I, however, came into kink through non-monogamy. Shortly after my 22nd birthday, I decided I was going to live for myself AND my pleasure, and part of that was acknowledging that I was not monogamous and also very much a sexual being - a haux, if you will. The first person I was (casually) intimate with after this personal new year resolution asked me if I was on FetLife - a site I had never even heard of at that point. As our relationship progressed, he introduced me to kink, but I didn’t join FetLife until months later: I was at a swinger party that had a dungeon on one level, where I met the only other Black folks at the party. I was deeply impacted by their scenes, and they encouraged me to join FetLife…and the rest is history.
I have since come to realize that my story tends to be the opposite of many. What I hear most frequently is folks come into kink, curious: possibly wanting to explore activities that their current partner is not interested in, or single and wanting to discover more things about themselves. Regardless of how you come into kink or non-monogamy, you will soon begin to notice the overlap between the two. One reason may be that, as with many things, finding someone who is into the same things as you and also is compatible with you can be difficult, so many in the kink community explore different types of play and dynamics with different people. Due to the intimate and sensual nature of a lot of kink, they begin to forge relationships with multiple people simultaneously that look and feel disparate from their idea of friendships or casual relationships, until bam! they are introduced fully to the concept of non-monogamy. Conversely, those curious about non-monogamy may also be exploring all aspects of their sexuality, opening them up to the world of kink.
Some find it very easy to merge kink and non-monogamy, while others do not. The difficulty could be chalked up to interpersonal dynamics, as one of the things that many find the hardest to reconcile is non-monogamy vs power exchange dynamics. RileyA (in Polyamory Today) put it well: “Although kink is not necessarily sexual for everyone….engaging in intimacy outside of an otherwise monogamous relationship would require explicit consent. Being kinky doesn’t intrinsically change anything about non-monogamy, or even more specifically, polyamory. It can just be a bedroom thing and therefore just comes under the “sex and privacy/comfort” discussions you’ll see everywhere. But for some of us, the exchange of power we employ inside of the bedroom is something we expand to our wider relationship with a negotiated transfer of authority.”
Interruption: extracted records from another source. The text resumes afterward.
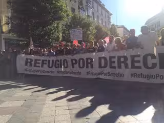 Cientos de personas han partido pasadas las 19.00 horas de este lunes 20 de junio de la plaza madrileña de Ópera tras una pancarta que reivindica 'Refugio por derecho', el lema de una de las manifestaciones convocadas por sindicatos y ONG por todo el territorio nacional para exigir el respeto a los derechos fundamentales de las personas que se ven forzadas a huir de su lugar de origen.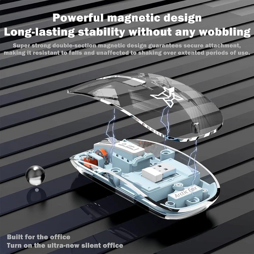 The AF Transparent Wireless Mouse combines style and functionality in a sleek, slim design. Featuring a triple-mode connection—Bluetooth 5.1, Bluetooth 5.1, and 2.4GHz USB receiver—you can seamlessly switch between up to three devices without re-pairing. The optical sensor ensures precise tracking, while the rechargeable battery and LED battery indicator keep you powered throughout the day. Compatible with PC, Mac, laptops, Apple devices, and iPads, this mouse is ideal for work or home use.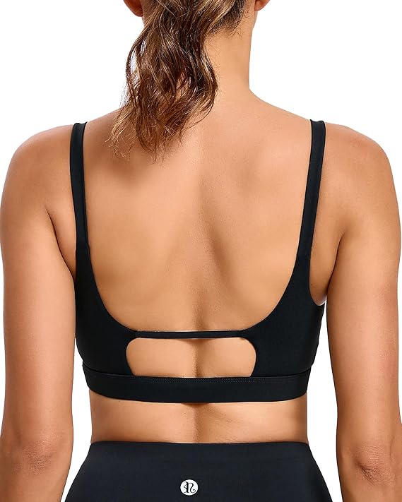 - [Low-Medium Support] Whether you’re practicing your downward dog in a yoga class or hitting the streets for a casual run, this backless sports bra provides a comfortable level of compression for your activities , Unlike high support sports bra. The delicate straps of black sports bra provide a secure and personalized fit, ideal for light activities that require flexibility. The chic strap of padded sports bra details enhance your silhouette and elevate your everyday look.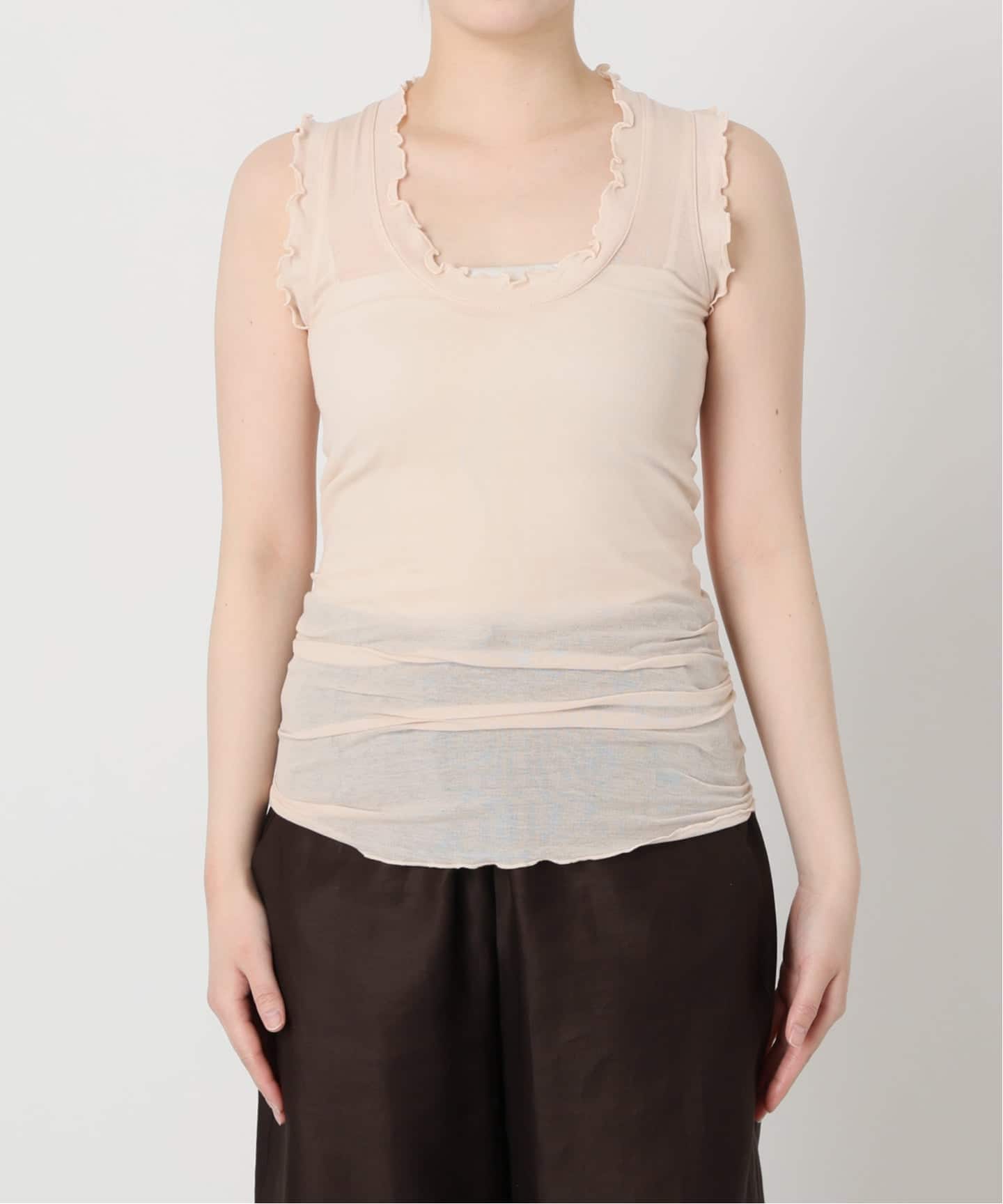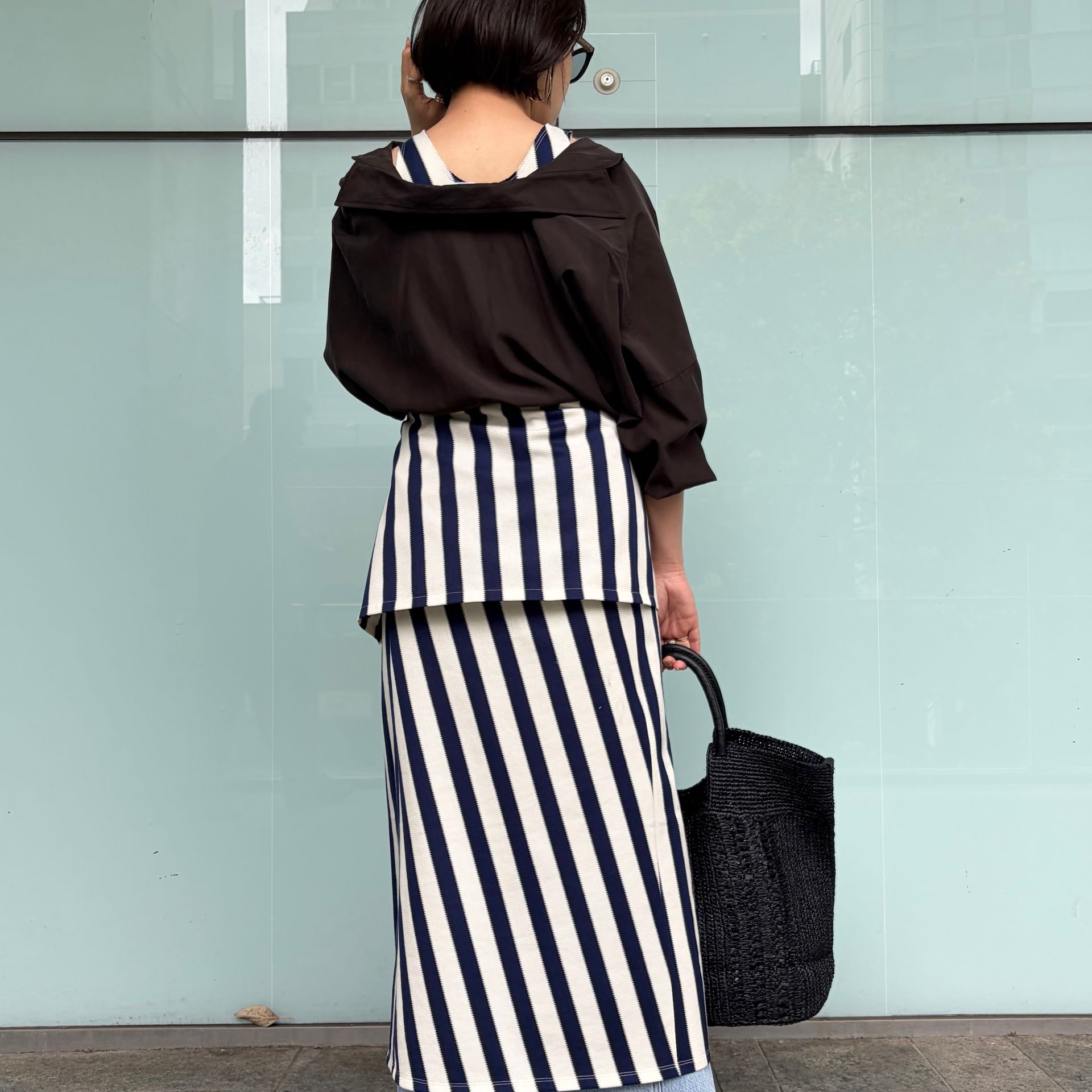 やや厚みのある生地なので1枚でもボディラインを拾わないのが嬉しいポイント。私は背が高いのでパンツを合わせてバランスを取りました。

When you have multiple partners - sexual, romantic, sensual, kink - how do you choose with whom to do what? Who has the ultimate “authority”? What are ways to handle conflicting opinions about other relationships or foster transparency without undermining your dynamic? How do you honor everyone’s feelings and mitigate any issues - logistical or emotional - that may arise? Do both sides of the slash get full say-so and autonomy? Well, I’ve seen folks handle this in a few ways:
Hierarchy
This may look like having a primary relationship that “trumps” all other relationships. That is: decisions, protocols, and rules created in this dynamic can shape and affect all other relationships. It can include things like handling all your chores/duties before being free to go on a date; wearing specific clothing or accessories chosen by your D-type on dates; being limited to certain activities or, conversely, not being allowed to do certain activities with others.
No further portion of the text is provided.